Two weeks ago, representatives from a wide range of manufacturing companies and material suppliers went to Detroit for the sixth annual Global Automotive Lightweighting Materials (GALM) Conference in Detroit. GALM is seen as the premier event to get a broad perspective on the spectrum of lightweighting materials applied to automotive applications. According to Terry O’Donovan, vice president of marketing and sales at Core Molding Technologies and the chairman of ACMA’s Automotive Composites Alliance, there were plenty of takeaways for the composites industry.

Today, composites are being marketed to OEMs as a lightweight alternative to aluminum and steel. O’Donovan says, however, that OEMs have a complicated relationship with lightweighting.

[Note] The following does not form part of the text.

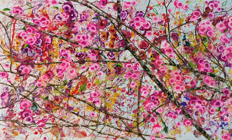Sakura Symphony is a breathtaking large-scale painting that marries the delicate beauty of cherry blossoms with the wild energy of expressionist technique. Sweeping branches stretch across the canvas, adorned with exquisitely detailed blossoms that seem to bloom before your eyes. Splashes of bold, e...

“On one hand, there’s continuous improvement – OEMs know that little bits of weight savings here and there add up to bigger weight savings,” he explains. “So they don’t want to discard the value of saving weight. At the same time, mass reductions are only meaningful if they result in driving a vehicle to a lower weight class. This makes minor changes that reduce weight difficult to justify. Weight reduction is, however, still an objective.”

O’Donovan says composites manufacturers and suppliers should also be reminded that lightweighting is not the end-all, be-all solution for fuel efficiency. OEMs are also focused on improving powertrain technology and aerodynamics. O’Donovan notes that this presents an opportunity for composites manufacturers to develop unique part shapes more efficiently than competing materials.

Another key point O’Donovan says is the state of tooling infrastructure. A lot of OEMs, he says, already have a lot invested in their own metalwork – they don’t have operations just for composites. Alternative materials need to “fit the helmet” of an OEM going under a platform redesign.

“It is not practical to replace all of that simply to get weight savings,” O’Donovan explains. “It’s not realistic to think that the composite industry can introduce a new application in the middle of a model cycle.”

Ultimately, while it is not new to anyone, it bears repeating that cost is still the biggest issue the composites industry faces. Carbon fiber is roughly 6-10 times the cost of steel, whereas aluminum is only 3-4 times the cost of steel. In 2013, composites began what O’Donovan says is a “hype cycle” – a flurry of new applications that helped garner interest in composites, but eventually plateaued once costs added up.

He says BMW’s i Series is a perfect example of this. The i3 was a game changer for composites. Back in 2013, projections estimated that by 2020, 60 percent of vehicles would have 20 percent composites usage. That probably won’t happen, considering BMW moved to a lower level of composites usage for its i5 and i7 models.